## Assigned task
Beginning at the line containing "Мы ещё повоюем!!! Пусть списывать со счетов", give again every line through the end of the data, unchanged and with both ends included. Drop any pictures.
-------
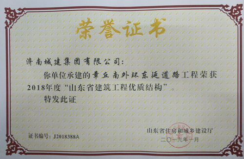 章丘南外環(huán)東延道路工程被評(píng)為2018年度“山東省建筑質(zhì)量泰山杯工程”
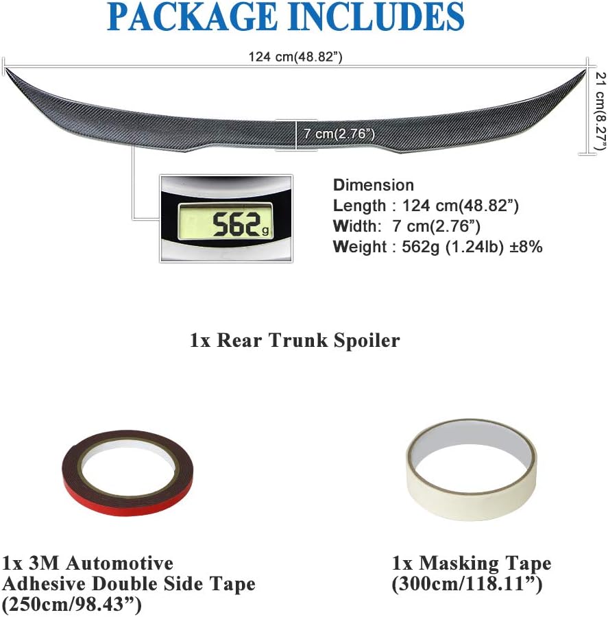 - Package Includes: 1 x Real carbon fiber trunk spoiler, double-sided adhesive tape, and masking tape, for a secure and reliable installation on your F30 F80 M3.
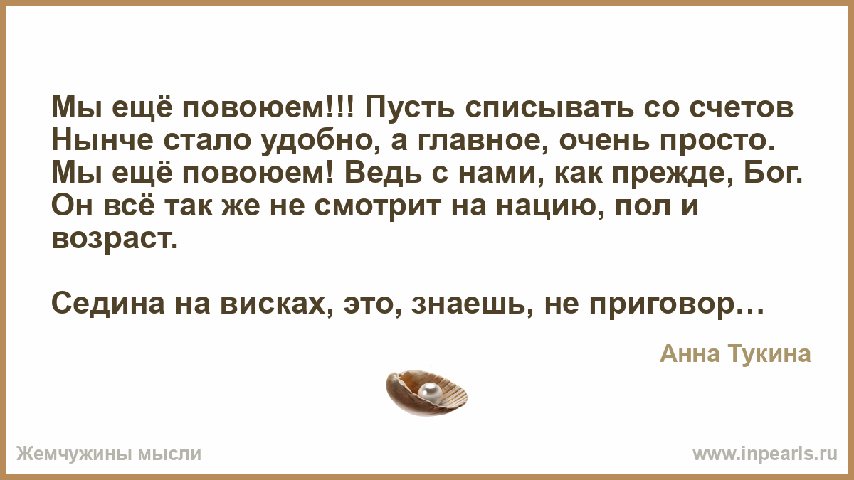 Мы ещё повоюем!!! Пусть списывать со счетов
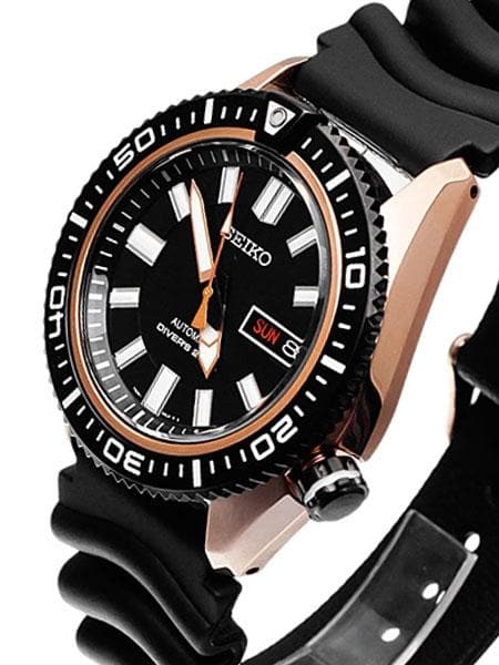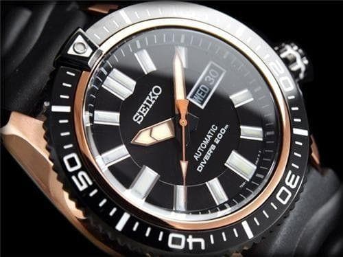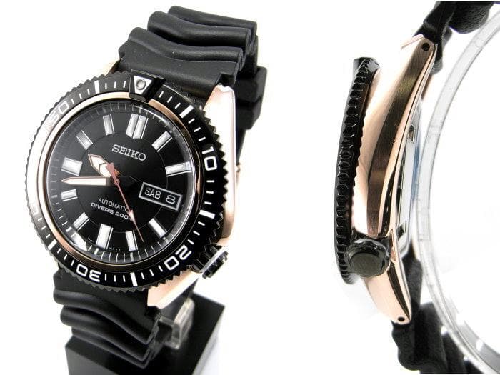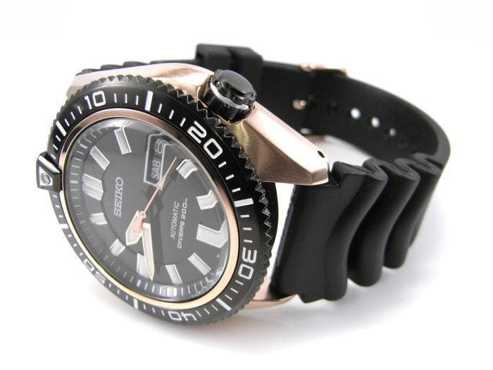 Seiko Men's Black Dial Rose Gold Plated "Stargate I" Rubber Strap Watch SKZ330K1
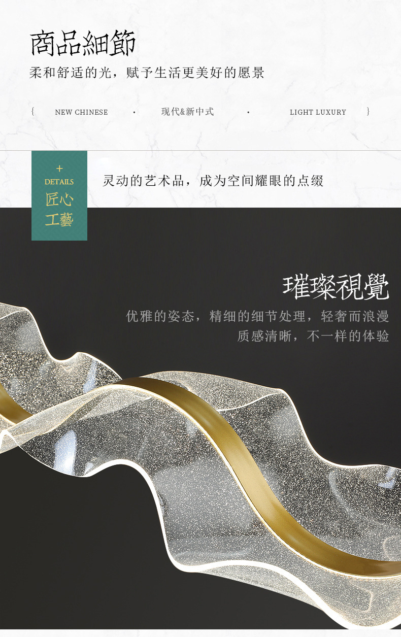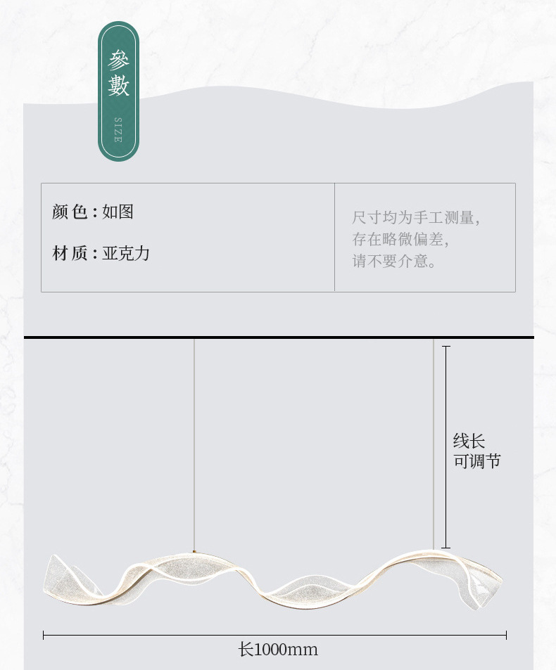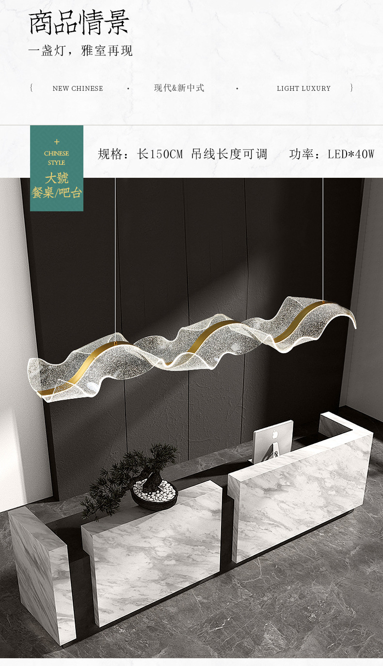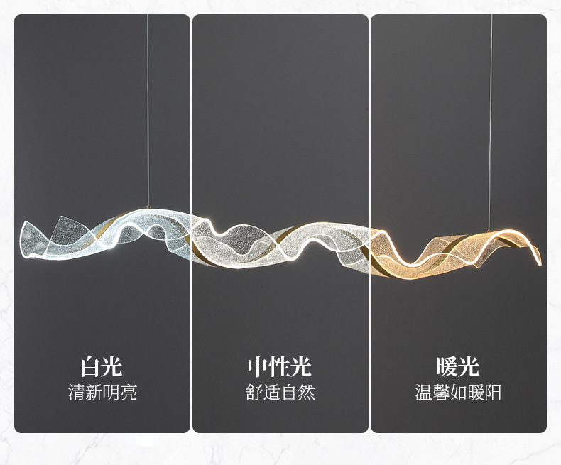 外贸专供亚克力艺术飘带吊灯led长条波浪形前台收银台吧台灯直供
-------
## Exercise output
 Мы ещё повоюем!!! Пусть списывать со счетов
 Seiko Men's Black Dial Rose Gold Plated "Stargate I" Rubber Strap Watch SKZ330K1
 外贸专供亚克力艺术飘带吊灯led长条波浪形前台收银台吧台灯直供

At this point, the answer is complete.